Today's main event is the FOMC meeting tonight; however, the Fed has stated that it is on hold, so we expect it to keep the target range unchanged at 2.25-2.50%.

Moreover, we get the ISM manufacturing in the US and UK. We still expect US manufacturing to have peaked and to move slightly lower before stabilising (still above 50). Based on a weighted average of the regional PMIs, we expect numbers to come in at 55.0 (currently 55.3).

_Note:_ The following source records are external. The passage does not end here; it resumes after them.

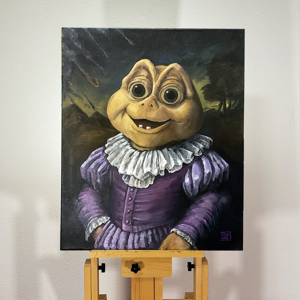 Cuadro pintado a mano que fusiona cultura pop y arte clásico: el icónico personaje de la serie Dinosaurios representado como un noble del Siglo de Oro. Una pieza única para amantes del arte contemporáneo y la nostalgia de los noventa.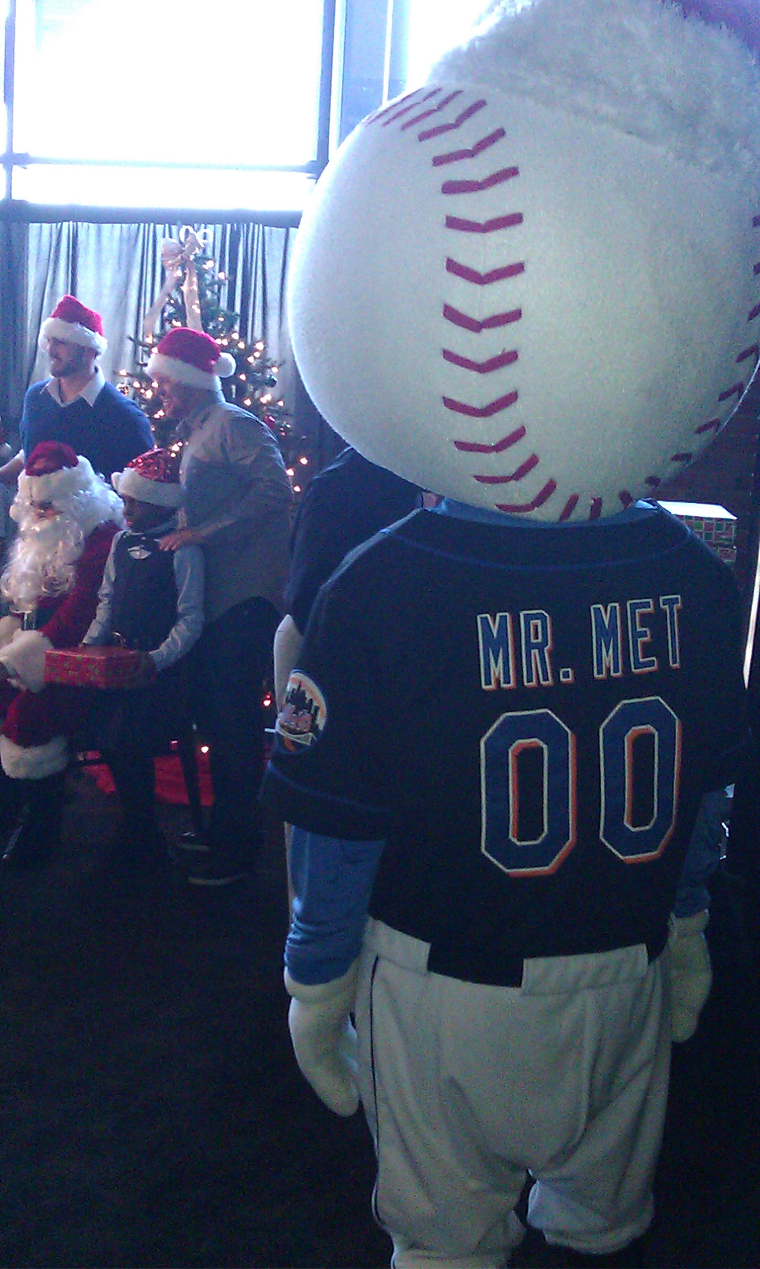 “Assuming I don’t get caught for letting some kid sneak in here with me, I’m going to stand behind a curtain with a bunch of other bloggers and writers and reporters and at some point, after the Santa stuff, the PR people will shuttle a few Mets in.”
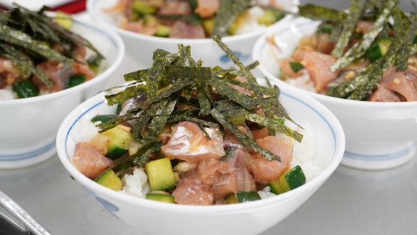 内容:お魚のさばき方の実演、あじの梅薬味丼、あじのトマトチーズ焼き、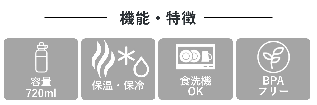 サイズ展開は2サイズです。夏場の暑い日に出かける時に重宝する600mlと、水分補給をたっぷりしたいスポーツシーンで活躍する720mlです。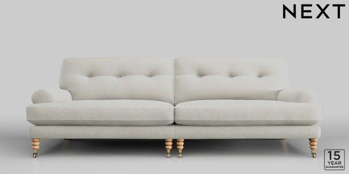 6.11.4 Buy Erin Buttoned Back Deep Sit 4 Seater Large Sofa Plush Chenille Oyster High Classic Turned Brass Castor - Light from the Next UK online shop Click here to use our accessible website

It is a TARGET holiday in Europe today, which means European fixed income markets are closed.

Selected market news

The price of Brent crude rose briefly above USD73/bbl on the news of a military coup attempt in Venezuela led by opposition leader Guaido and backed by the US. Later, API was said to report that US crude stocks rose 6.8mb last week, which helped reverse sentiment in the oil market. The oil market is clearly concerned about the ramifications for Venezuela's oil production and exports of a further deterioration of the situation. Venezuela is currently producing 800-900k/b - down about 50% from a year ago.

South Korea's exports dropped 2% y/y in April, which is less than the 8.2% y/y drop seen in March and also less than the consensus expectation of a 5.9% y/y decline. In the bigger picture, this development gives some rise to the notion that Chinese economic activity is slowly picking up further supporting Chinese external demand.

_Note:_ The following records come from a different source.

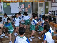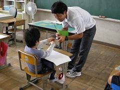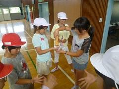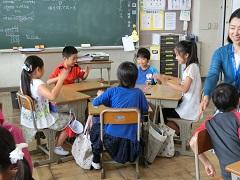26日(火)に2年生が、1年生と一緒にじゃんけん列車やころがしドッジボールをしたり、名刺交換をしたりしました。ドッジボールでは、1年生に優しくボールを譲ったり、もらった名刺を「ずっと、とっておくね。」と声をかけたり、お兄さんお姉さんの立場で活動ができました。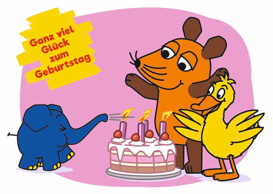Eine Maus, ein Elefant und eine Ente stehen zusammen und feiern einen Geburtstag mit einem mehrstöckigen Kuchen, auf dem Kerzen brennen. Die Stimmung ist heiter.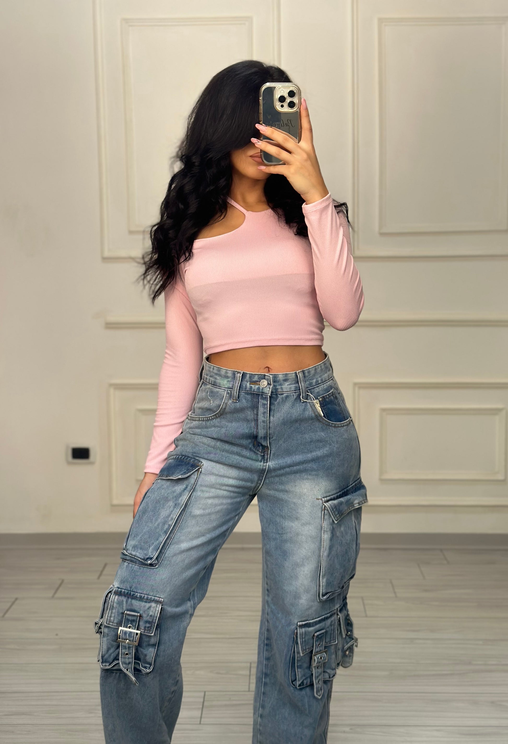Top in Taglia unica con scollo asimmetrico. Tessuto elasticizzato. Comodo, versatile.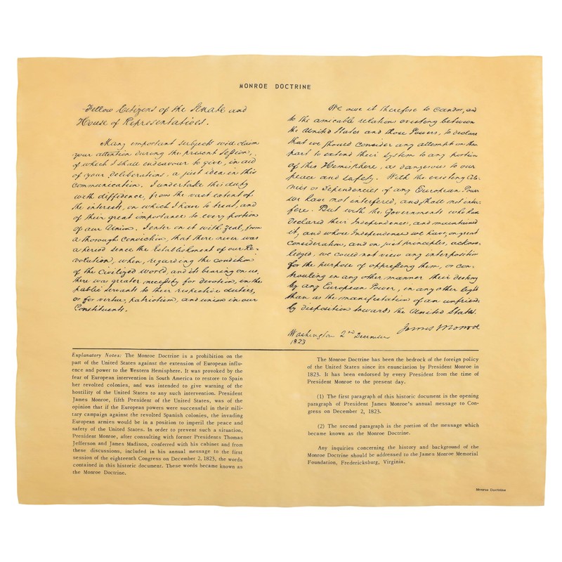 Our Amendments - Monroe Doctrine 1823, Antiqued Parchment Replica Document (12" x 13.5"), Ribbon-tied and in hard collectors tube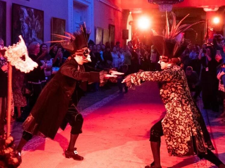 Перед началом спектакля ни о чем не подозревающие зрители привычно перемещаются по фойе в ожидании, когда же откроются двери Колонного зала Шаховской. Двери на самом деле приоткрываются, однако никого в зал не приглашают. Зато фойе начинает заполняться удивительными фигурами: прекрасные дамы и кавалеры в черных нарядах, причудливых головных уборах и венецианских масках пускаются в изысканный танец. Фойе волшебным образом превращается в карнавальное пространство, в котором всем заправляет баронесса Франческа (Ксения Лисянская). Она рассказывает одну из венецианских легенд – о прекрасной девушке Паоле, которая видела свое отражение лишь в кривых зеркалах и поверила в свое уродство. Артисты – Вагиф Турабов, Кристина Мунтяну и Николай Пацюк – разыгрывают эту интермедию в духе комедии дель арте. Звучит музыка Респиги, Джезуальдо, Генделя, которая погружает зрителей в эпоху барокко, а контртенор Вагифа Турабова заставляет вспомнить о традициях кастратного пения. Эффект погружения настолько силен, что, переместившись в зал Шаховской, публике несложно воспринимать модернистскую партитуру ХХ века в русле барочной стилистики.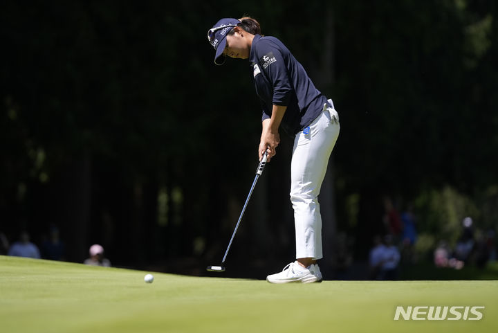 [서매미시=AP/뉴시스] 고진영이 21일(현지시각) 미 워싱턴주 서매미시의 사할리 컨트리클럽에서 개막한 KPMG 위민스 PGA 챔피언십 2라운드 8번 그린에서 퍼팅하고 있다. 첫날 공동 22위였던 고진영은 중간 합계 4언더파 140타 공동 2위권으로 올라섰다. 2024.06.22.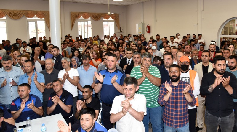Ramazan Bayramı’nın arifesi ve 1 Mayıs Emek ve Dayanışma Günü. Bu değerli günümüzü de şimdiden kutluyorum. Böylesine özel ve güzel 2 bayramın denk geldiği bir zamanda müjde vermemek olmazdı. Bayram ikramiyeleriniz bugün itibariyle hesaplarınıza yatmış olacak. Ananızın ak sütü gibi helal olsun. Sevdiklerinizle birlikte güle güle harcayın. Sizlerle çalışmaktan, aynı ekipte olmaktan, birlikte hemşehrilerimize hizmet etmekten dolayı çok mutluyum. Kıymetli varlığınızı, samimiyetinizi bana her zaman hissettirdiniz. İyi ki varsınız, var olun” diye konuştu.
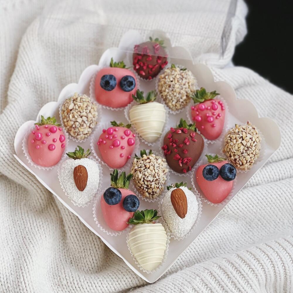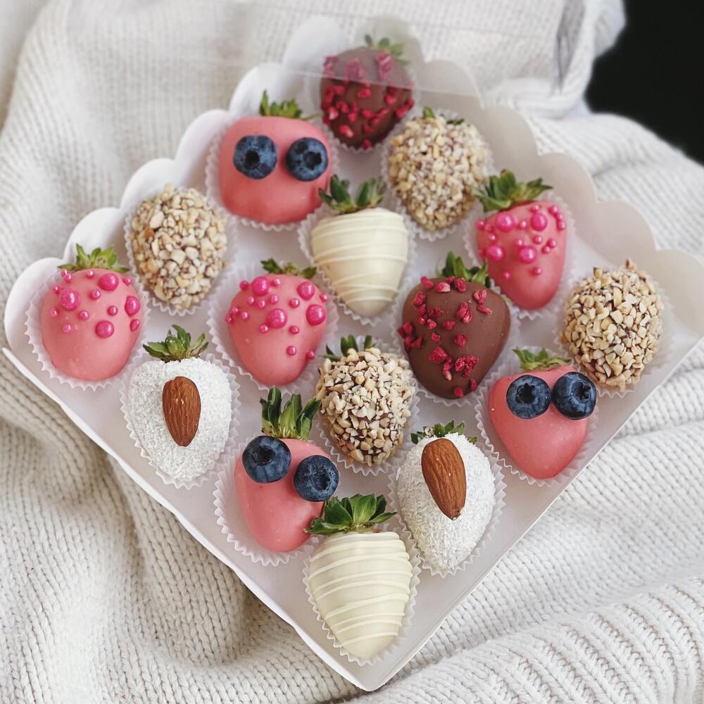 Изысканный набор клубники в шоколаде «Ягодное ассорти» состоит из 16 свежих ягод клубники. Белый и молочный бельгийский шоколад. В качестве украшения - свежая голубика, сублимированная малина, кокосовая стружка, цельный миндаль и хрустящие шарики. Идеальный вариант для того, чтобы признаться в своих чувствах или поздравить с днём рождения.❤️ Срок хранения - 24 часа, хранить в холодильнике.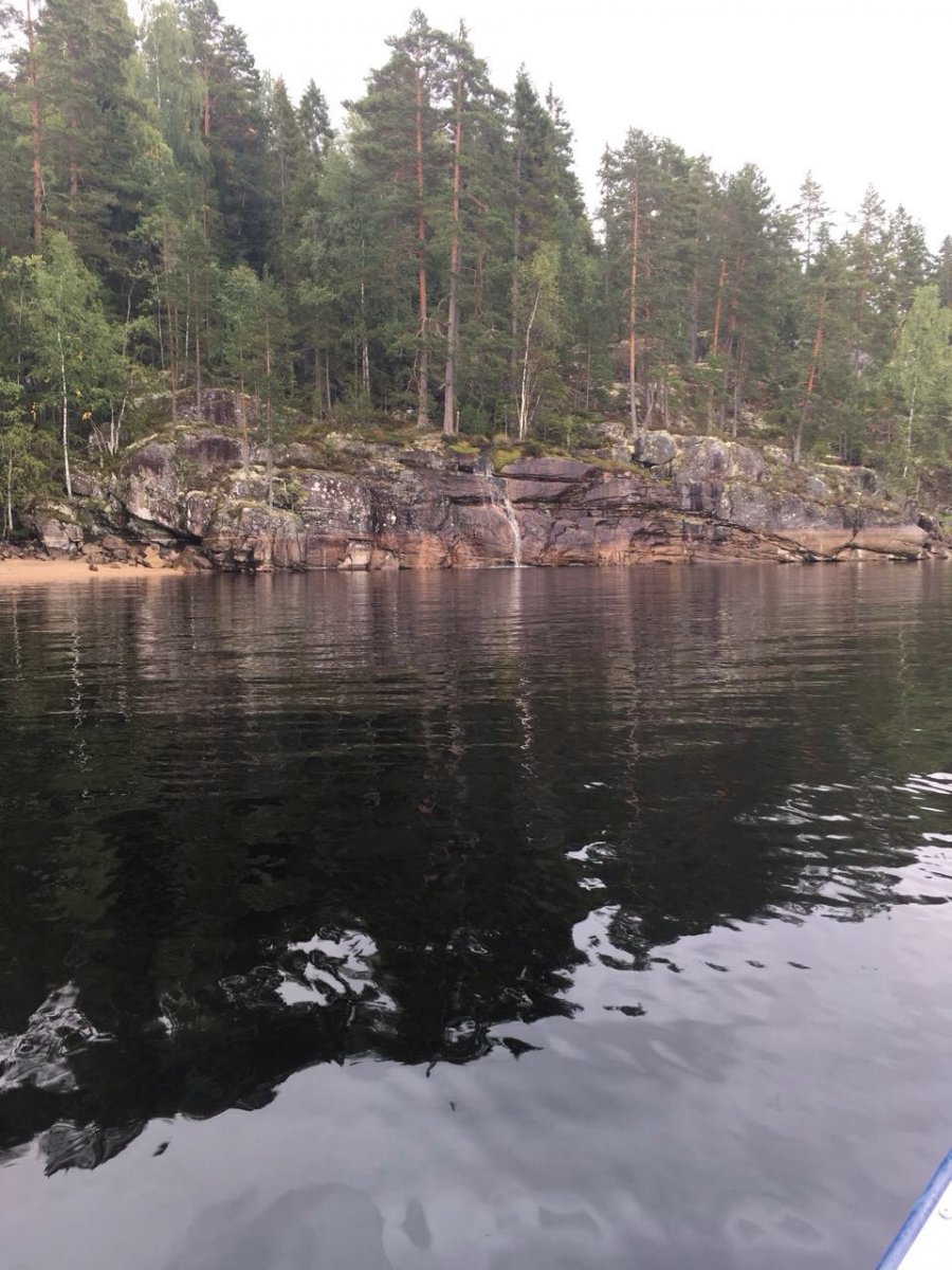 Der Wasserfall war durch den andauernden Regen größer geworden und nun konnte man ihn deutlich sehen und auch hören. Schon wieder waren wir begeistert von seiner Schönheit und entschlossen die Insel hier zu erkunden, in der Hoffnung dass man sein Zelt aufschlagen konnte. Leider hatte unsere Suche nach einem Zeltplatz kein glück. Bäume und eine steile Klippe machten es uns nicht möglich hier unser Zelt auf zu stellen. Wir sahen uns an, somit mussten wir wieder raus, wieder gegen die Wellen kämpfen und wieder weiter fahren. Unsere Kräfte würden nicht lange halten, dessen waren wir uns bewusst doch wir mussten versuchen alles zu geben und so machten wir uns wieder auf den Weg. Es ging wieder auf den See, wir hielten uns wie gewohnt an Ufernähe auf und paddelten. Ich weiß dass wir an diesem Tag alles gegeben habe und ich bin stolz auf meinen Partner und auf mich dass wir diesen Tag bewältigt haben.

Euro area Q1 GDP growth rose to 0.4% from 0.2% in Q4. Recent improvement in industrial production data has already signalled a pick-up compared to the gloomy H2 18 growth momentum in contrast to PMIs, although the overall growth pace remains below potential.

German HICP was 2.1% in April. The so-called 'Easter effect' took service price inflation from 1.2% in March to 2.1% in April. The strong German inflation outcome supports our call for a marked pick-up in euro area core and headline inflation on Friday (1.2% and 1.8%, respectively).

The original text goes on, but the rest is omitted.